A startup accelerator – fixed-term, cohort-based programs that include mentorship and educational components. 

Incubator– an organization that helps startup companies and individual entrepreneurs develop their businesses 

However, few offer venture capital financing. 

But ProjectDiane’s State of Black & Latinx Women Founders report shows that just 0.27% of total venture capital investment (between 2018 and 2019) went to black women. 

Black female entrepreneur’s experiences

Earlier this year, two successful Black female entrepreneurs discussed this very topic with Attentive. Amanda Johnson, co-founder and COO of Mented Cosmetics, and Kimberly Lewis, co-founder, and CEO of CurlMix, experienced challenges in raising venture capital funding. 

In addition, the failure in funding for black female companies is not because of the “pipeline” or “lack of education” issue. But symptomatic of investors retreating into their networks for deals. 
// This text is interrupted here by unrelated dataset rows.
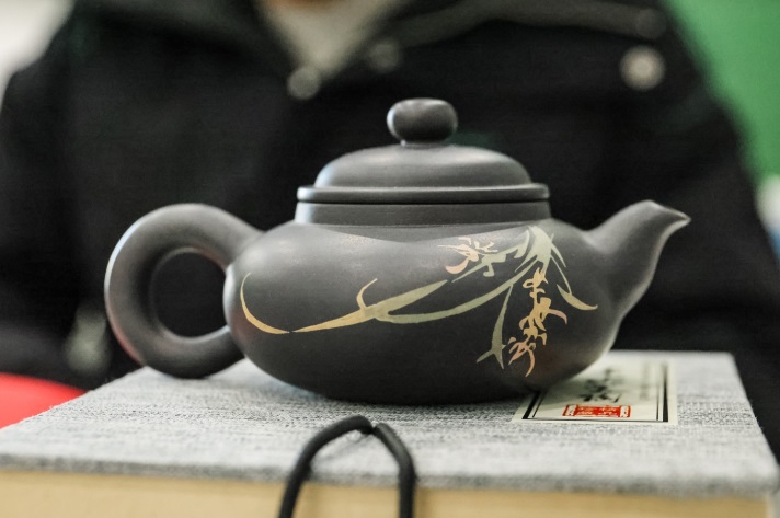 美术学院王建中教授与建水紫陶烧制技艺非遗传承人黄倩的多件紫陶作品在非遗展演互动区展出。他们还现场讲解了建水紫陶制作工艺与文化。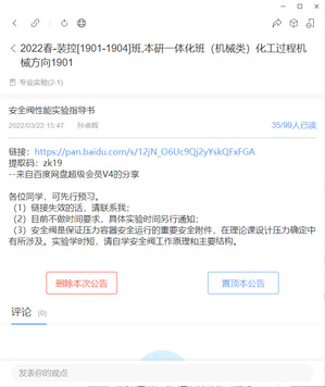 线下实验:研讨制定实验教学方案,调整线下授课计划,随时与学生保持沟通,准备实验耗材,做好线下复学保障。线上实验:精心筛选线上实验项目,发布资源、反复试做实验项目、开展模拟课堂,充分准备为线上实验教学保驾护航。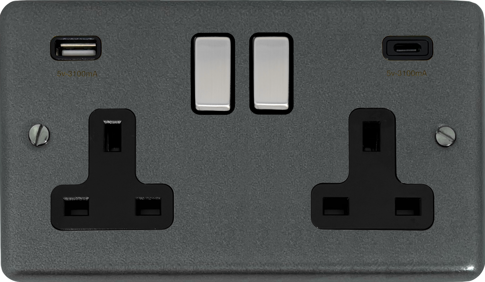 Contour Pewter Double Socket with USB (USB-A and USB-C/Black Inserts/Steel Switches) CL.3911.P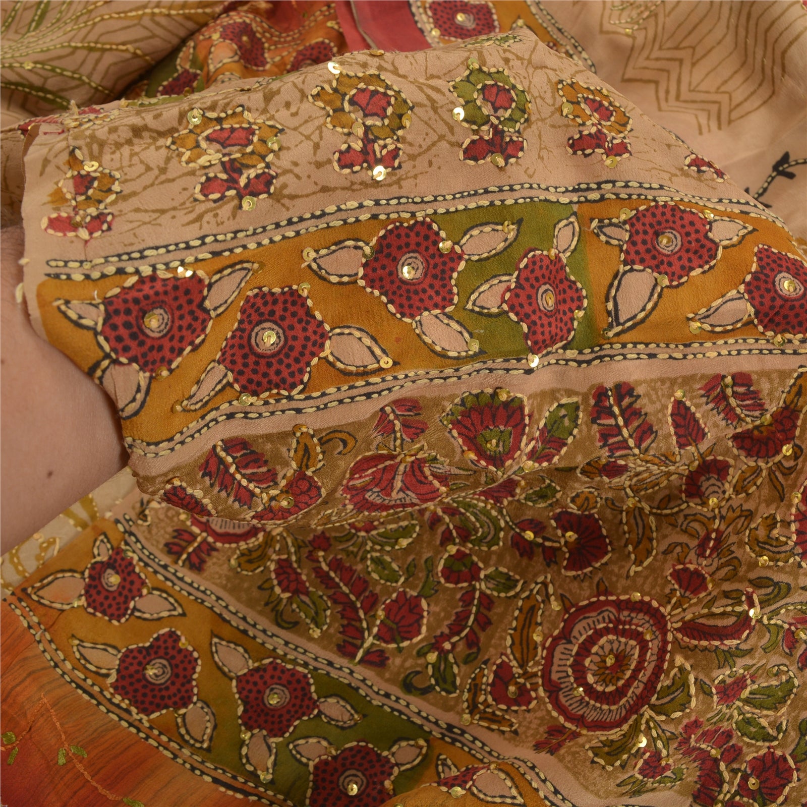 Beautiful shade of brown colored pure crepe silk hand embroidered kantha & printed saree. Pallu & Border has printed floral design with thread & sequins work. Similar work in center part of saree. What is special about this saree? Fabulous design is really enhancing the beauty of the saree.This unique vintage saree can be used for various crafting ideas even if you don't want to use it as a sari. Design a dress, use it as window,dressing, upholstery, sarongs, throw, dress making and table linen much more. Let your creative juices flow and use this decorated Sustainable Fabric in multiple fashion.

Black female entrepreneur Tori Soudan, owner and designer of an Italian-made shoe and accessories brand. Soudan’s greatest challenge is identifying funding to grow her business. I started my business with personal funds, and I recognize that it will require additional resources to scale effectively,” Soudan explains. 

Similar to Soudan, more than three-fourths of Black women entrepreneurs have at least a college degree. 

 Sharon Vosmek, the CEO of Astia, has heard similar stories from other Black female entrepreneurs. Astia is a global not-for-profit organization. It is built on a community of experts whose goal is to ensure the success of women in high-growth startups. 

Also, we need Black female entrepreneurs to increase per capita GDP and once again stimulate the U.S. economy as they did during the 2008 Recession. More importantly, black women are more likely to cite access to credit, denied loans, and higher interest rates as a challenge. 

In short, our economy is dependent upon the ability of Black women entrepreneurs to grow and sustain their businesses. So, this means venture capitalists and the finance community must address resource gaps and biases and improve finance practices that prevent these women from securing capital.